Source material Start Marker

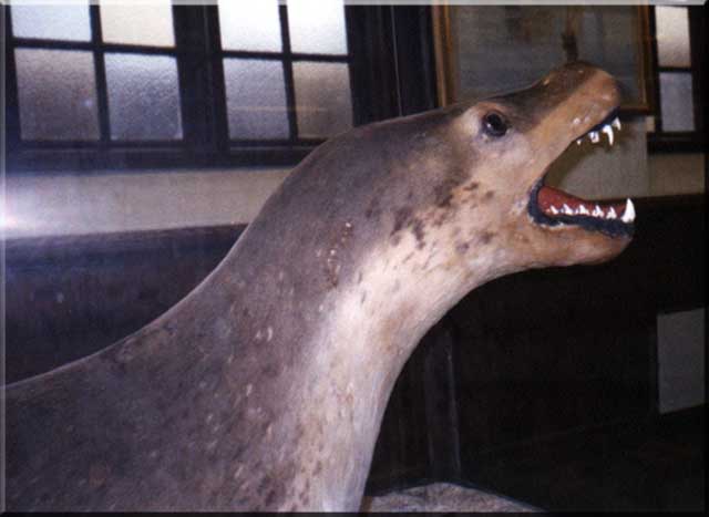In the Natural History section of the Whaling Museum at Sandefjord are a number of exhibits covering most of the animals and birds to be found in the Antarctic. This is a very old specimen of a mounted, rather reptilian looking Hydrurga leptonyx, the Leopard Seal.
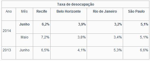 Em relação a junho de 2013, a taxa caiu 1,5% em São Paulo e 2,% no Rio de Janeiro, mantendo-se estável em Recife e Belo Horizonte.
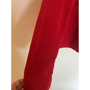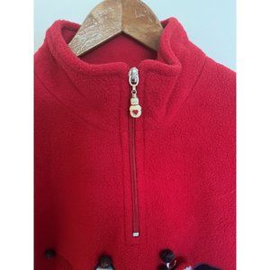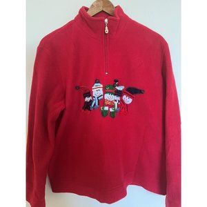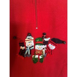 Cute appliqued Christmas snowmen characters with hats. Preowned. Good condition.Pullover 1/4 zipper. Polyester. 24" pit to pit. 22" sleeve. 25" shoulder to hem. Little bit of pilling.

Source material End Marker

All lines from the line with "Em relação a" through the final line of the data, both included, are to be repeated exactly; no other lines and no pictures.

 Em relação a junho de 2013, a taxa caiu 1,5% em São Paulo e 2,% no Rio de Janeiro, mantendo-se estável em Recife e Belo Horizonte.
 Cute appliqued Christmas snowmen characters with hats. Preowned. Good condition.Pullover 1/4 zipper. Polyester. 24" pit to pit. 22" sleeve. 25" shoulder to hem. Little bit of pilling.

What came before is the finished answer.